"In the ancient world, garlic was known as an aphrodisiac.
Since a Jewish husband is supposed to fulfill his marital
obligation to his wife at least on Friday night, rabbis have
suggested that garlic be used in dishes at the Sabbath meal.
This old Sephardic dish with lots of garlic comes from Danielle
Schneider of Mount Vernon, NY."
"Jewish Cooking in America"
Serves 6 to 8
4-lbs. chicken, cut in 8 pieces
2 cloves garlic plus 1 whole head
salt to taste
1/2 cup olive oil
1 lb. tiny white onions
1/4 cup green olives
1/4 cup raisins
1 cinnamon stick
2 bay leaves
1 Tbs. peppercorns
1/4 cup vinegar
1/4 cup marsala or other sweet wine
4 potatoes (optional)
Clean the chicken pieces with lemon. Rub with the garlic
cloves and sprinkle with salt.
Heat the olive oil in a large sauté pan or pot over medium
heat. Brown the chicken on all sides.
After browning, surround the chicken with the white onions,
olives and raisins.

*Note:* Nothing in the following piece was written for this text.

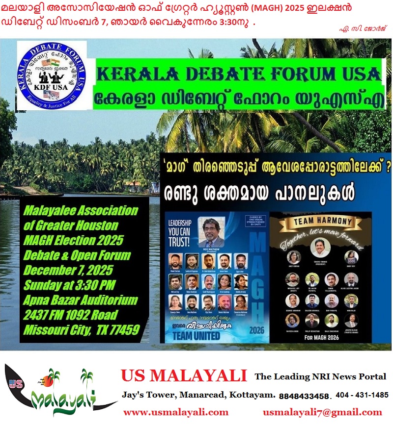ഇലക്ഷൻ നോമിനേഷനുകൾ അവസാന നിമിഷം പിൻവലിക്കുന്ന തീയതി കഴിഞ്ഞപ്പോൾ കിട്ടിയ വിവരമനുസരിച്ച് രണ്ട് ശക്തമായ പാനലുകൾ ആണ് ഇപ്രാവശ്യത്തെ മാഗ് ഇലക്ഷൻ ഗോദയിൽ കൊമ്പ് കോർക്കുന്നത്. ചാക്കോ തോമസ് നേതൃത്വം കൊടുക്കുന്ന ടീം ഹാർമണി, റോയി മാത്യു നേതൃത്വം കൊടുക്കുന്ന ടീം യുണൈറ്റഡ് എന്നിവയാണവ. രണ്ടു പാനലുകാരും വിജയം ലക്ഷ്യമാക്കി തീപാറുന്ന പ്രചരണ തിരക്കിലാണ്. ഇവിടത്തെ സംഘടനാ ഇലക്ഷൻ നിരീക്ഷകർ പറയുന്നത് ഇപ്പോൾ രണ്ടു പാനലുകാരും ഒപ്പത്തിനൊപ്പം ആണെന്നാണ്.. ഈ അവസരത്തിൽ പതിവുപോലെ ഒരു സ്വതന്ത്രവേദിയായ കേരള ഡിബേറ്റ് ഫോറം യുഎസ്എ.യുടെ ആഭിമുഖ്യത്തിൽ സ്ഥാനാർത്ഥികളെയും മറ്റു താല്പര്യമുള്ള എല്ലാ വ്യക്തികളെയും ഉൾപ്പെടുത്തി ഒരു സ്വതന്ത്ര നിഷ്പക്ഷ സൗഹാർദ്ദ സംവാദവും ഓപ്പൺ ഫോറവും സംഘടിപ്പിക്കുകയാണ്. ഡിസംബർ 7, ഞായർ വൈകുന്നേരം 3:30നു (CENTRAL TIME). ഹൂസ്റ്റണിലെ മിസോറി സിറ്റിയിലുള്ള അപ്പനാ ബസാർ ഓഡിറ്റോറിയം (2437 FM 1092 Road, Missouri City TX 77459) വച്ചാണ് പരിപാടി

Slice off the top of the whole head of
garlic and place in the center with a clove on each side
and add the cinnamon stick, the bay leaves and the pepper -
corns. Sprinkle with the vinegar and the wine.
Cover and simmer over a very low flame for about 2 hours.
You can add the peeled and diced potatoes to this dish for
the last 15 to 20 minutes of cooking if you like, or serve
it with cooked rice. Discard the bay leaves and serve.